RAG Settings
Configure how your bot retrieves and uses context from your knowledge base to answer questions.
Core Settings
Top K (Number of Chunks)
top_kintegerdefault: 5Number of document chunks to retrieve for each query
Higher values provide more context but increase latency and cost. Lower values are faster but may miss relevant information.
- 3-5: Good for focused, specific queries
- 5-10: Better coverage for broad questions
- 10+: Comprehensive but slower
Similarity Threshold
similarity_thresholdnumberdefault: 0.5Minimum relevance score (0-1) for retrieved chunks
Chunks with scores below this threshold are filtered out. Higher values mean stricter matching.
- 0.3-0.4: Lenient, more results
- 0.5-0.6: Balanced (recommended)
- 0.7+: Strict, only very relevant results
Tuning Threshold
If your bot says "I don't have information" too often, try lowering the threshold. If it gives irrelevant answers, raise it.
Advanced Retrieval
Reranking
use_rerankingbooleandefault: falseEnable Cohere reranking to improve retrieval quality
Reranking uses a separate model to re-score retrieved chunks based on query relevance. This significantly improves result quality, especially for complex queries.
- Adds ~100-200ms latency
- Requires Cohere API (included in Pro plans)
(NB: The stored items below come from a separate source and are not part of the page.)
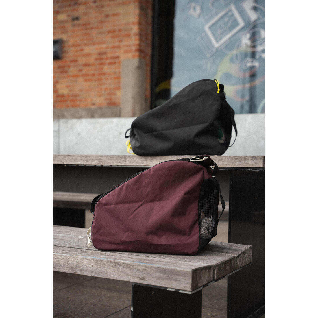 Léger et parfaitement adapté pour ranger et transporter des rollers ou patins à glace enfant, avec leurs équipements de protection. Deux sangles, deux styles de portage.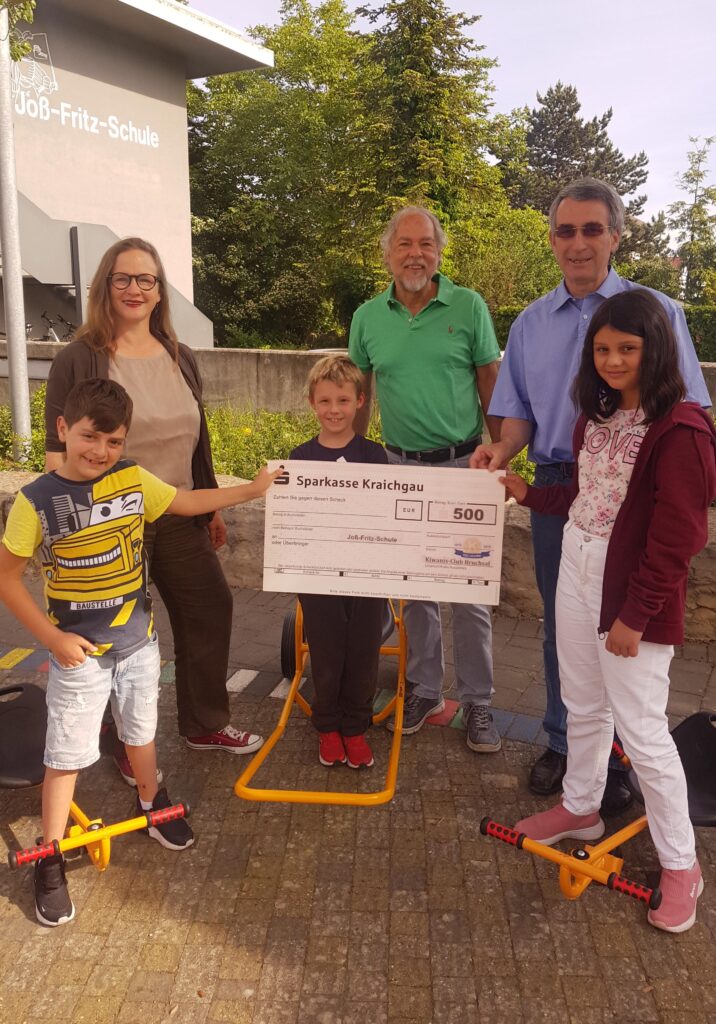 Dank der großzügigen Spende von 500 Euro durch den Kiwanis Club Bruchsal konnten zur großen Freude der Joß-Fritz- Grundschulkinder mehrere Fahrzeuge für die Ganztagsschule angeschafft werden. Im Gespräch mit den Verantwortlichen Herrn Weiss und Herrn Dr. Frangenheim stellte die kommissarische Schulleiterin Alexandra Nohl die Struktur unseres Ganztagsbetriebes vor, die neben dem allgemeinen Bildungs- und Erziehungsauftrag auch ganz deutlich die Freude an der Bewegung und am Schulalltag in den Fokus rückt.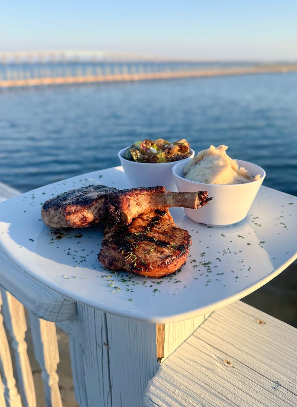 Two 8oz bone-in center-cut pork chops chargrilled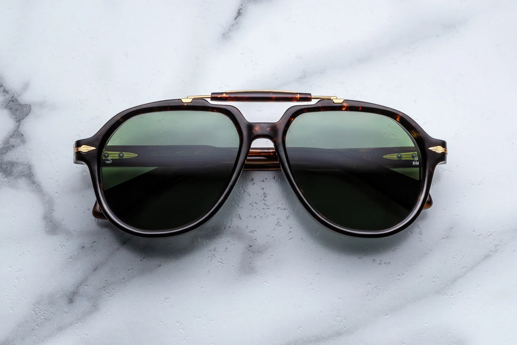 MATERIAL: 10MM CURED CELLULOSE ACETATE FRAME IN POLISHED HAVANA, WITH CUSTOM DOUBLE-LAMINATED TEMPLES, COMPOSED OF CLEAR BEIGE EXTERIORS & HAVANA INTERIORS. HARDWARE: DK. GOLD - LENS: TAMARACK GREEN POLARISED CR39 - HANDCRAFTED IN JAPAN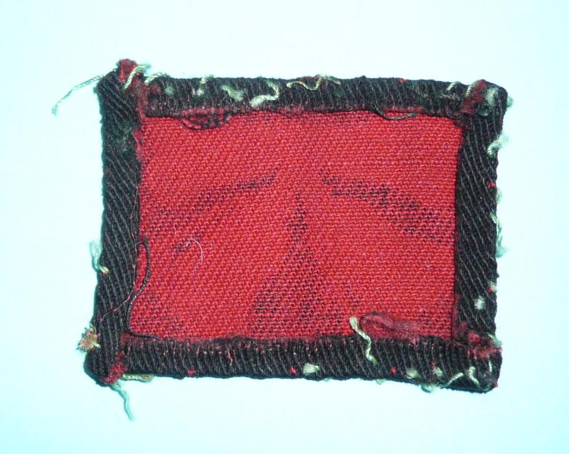2nd Pattern Rectangular, circa 5.2cm by 4cm. Removed from uniform but in very good condition. The red bells on a black background. Finely woven in silk.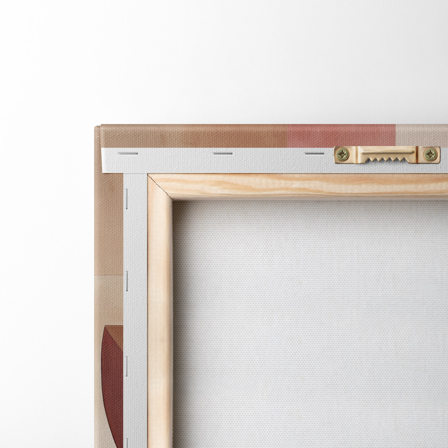Wandbilder Abstrakte Pflanze mit roten Blättern vor einem Hintergrund aus geometrischen Formen und sanften, gedämpften Farben Art. s47041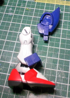 あと、肩アーマーは色分けの問題で、事前に色を塗ってから組み立てました。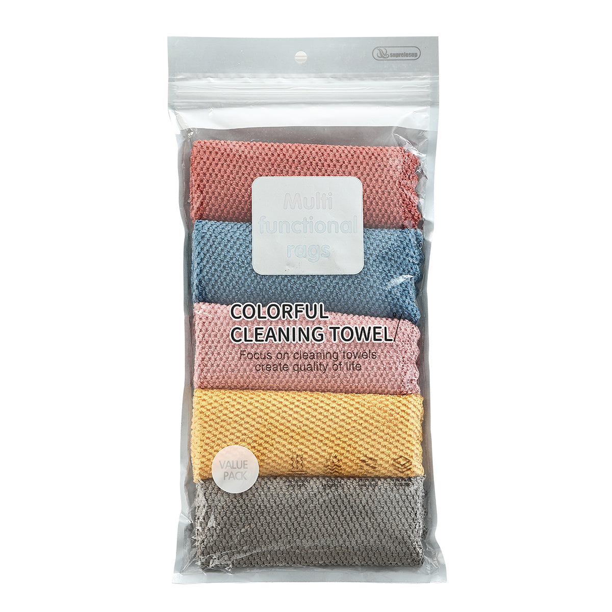 5 Piece Cleaning Towel - 30x30cm - Microfiber Towels for Kitchen, Car, Glass, and Multi-Surface Cleaning - Multi-Color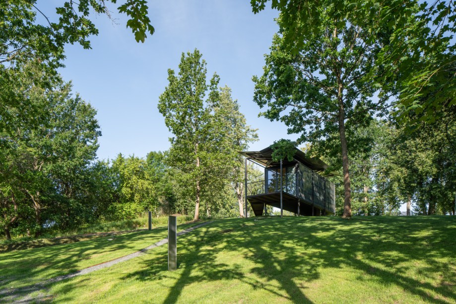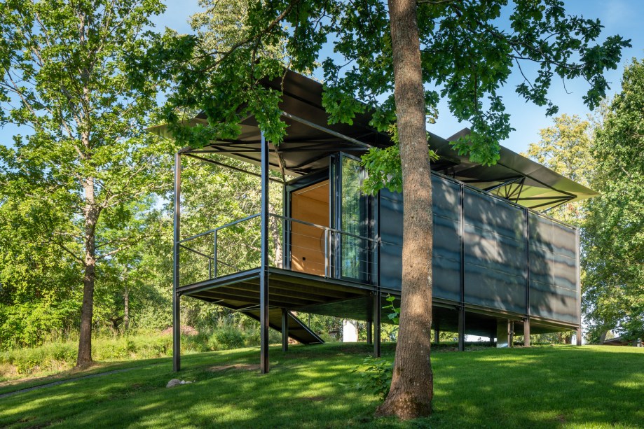 A casa se adapta ao terreno natural por estar apoiada em pernas esguias, de alturas variáveis. O metal utilizado na construção e fachada é incolor, deixando um padrão único criado durante seu processo de fabricação. Portanto, todas as cabines modulares têm gráficos de fachada ligeiramente diferentes.
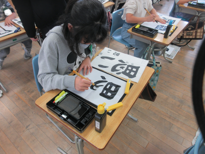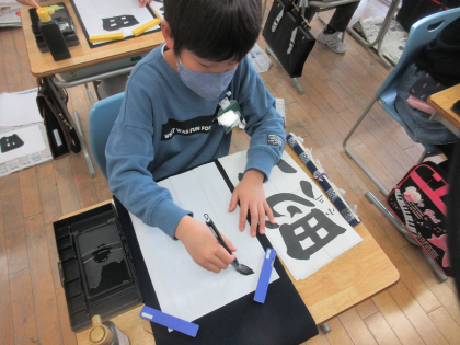 書写では、書初大会に向けて「思いやり」を練習しています。子供たちは、手本をよく見て、字のバランスに気を付けながら集中して書いていました。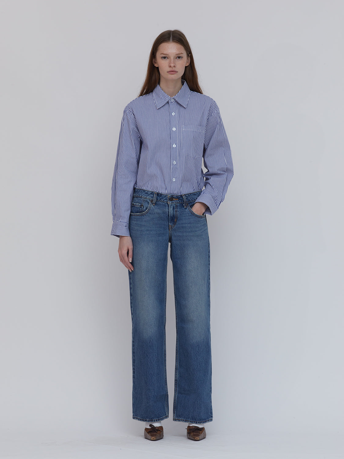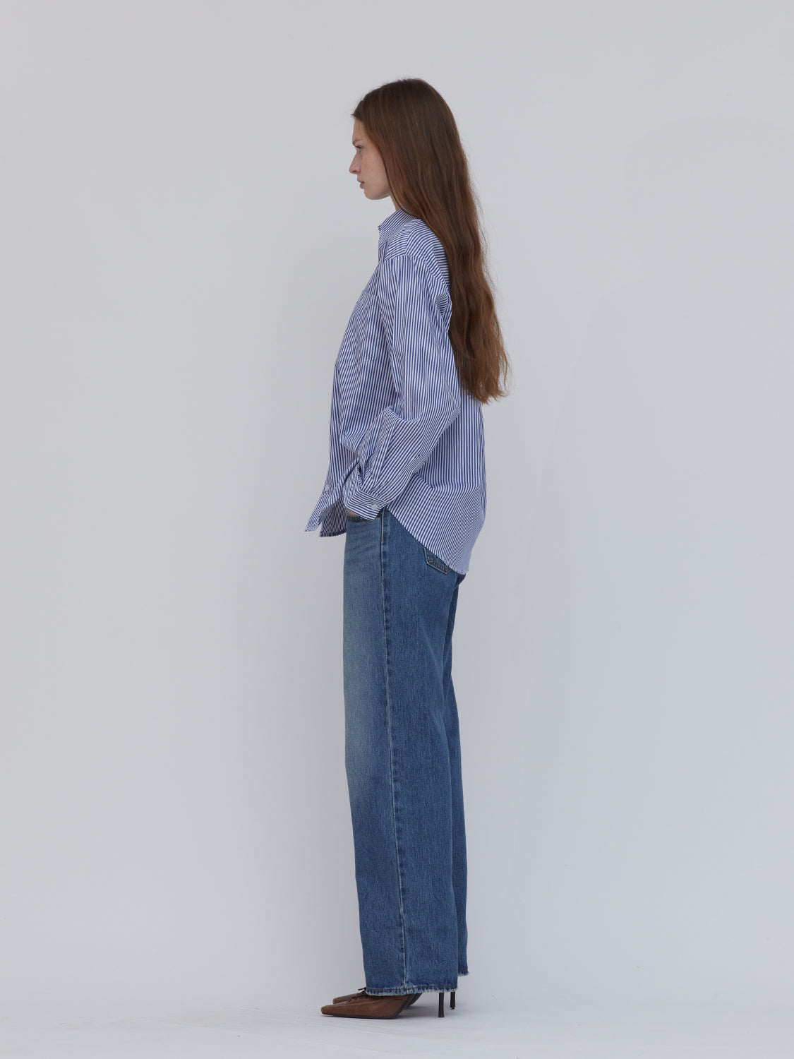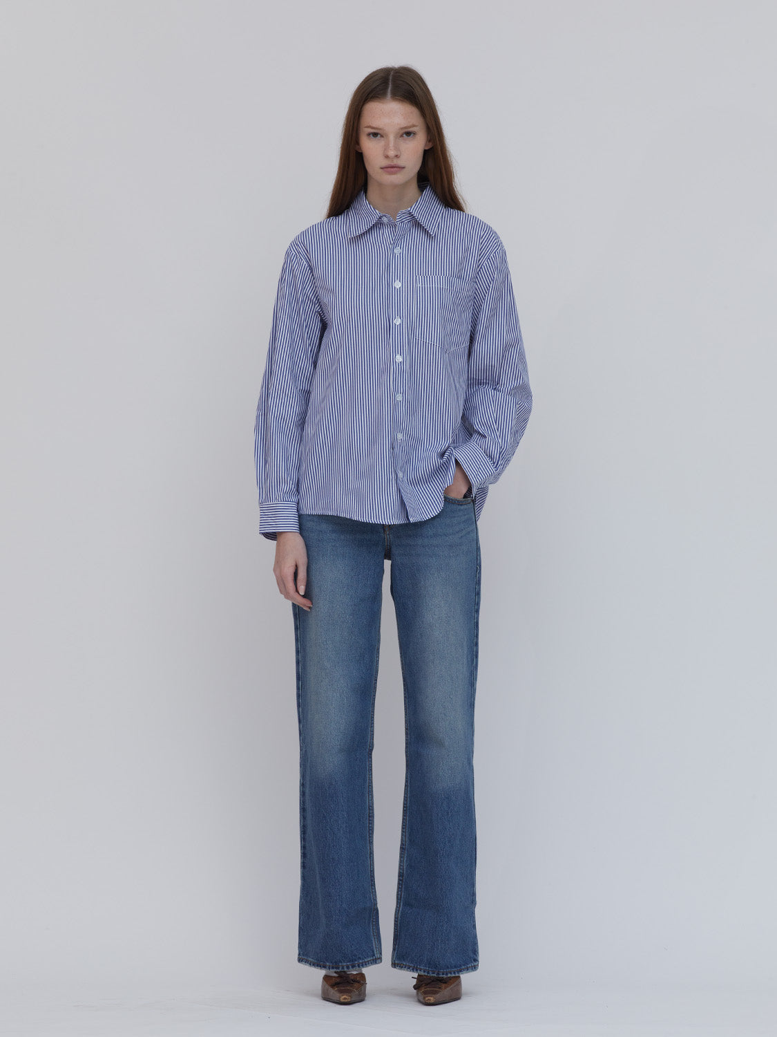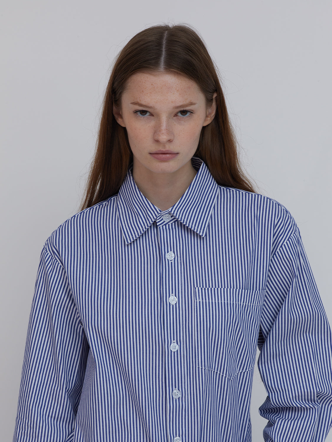 Blue and white stripe poplin long sleeve button up shirt. Spread collar with button closure at front. Single-button barrel cuffs. Shirttail hem. 100% Cotton.

- Most impactful for larger knowledge bases
Hybrid Search
use_hybrid_searchbooleandefault: falseCombine vector search with keyword (BM25) search
Hybrid search combines semantic (vector) search with traditional keyword matching. Best for:
- Technical documentation with specific terms
- Queries containing product names or codes
- When exact term matching is important
HyDE (Hypothetical Document Embeddings)
use_hydebooleandefault: falseGenerate hypothetical answers to improve retrieval
HyDE generates a hypothetical answer first, then uses it to search. Can improve results for complex or abstract queries.
- Adds ~500ms latency (requires extra LLM call)
- Most useful for vague or conceptual questions
- May not help for straightforward factual queries
Multi-Query
use_multi_querybooleandefault: falseGenerate multiple query variations for better recall
Generates multiple variations of the user's query to improve recall. Useful when users might phrase questions differently than your content.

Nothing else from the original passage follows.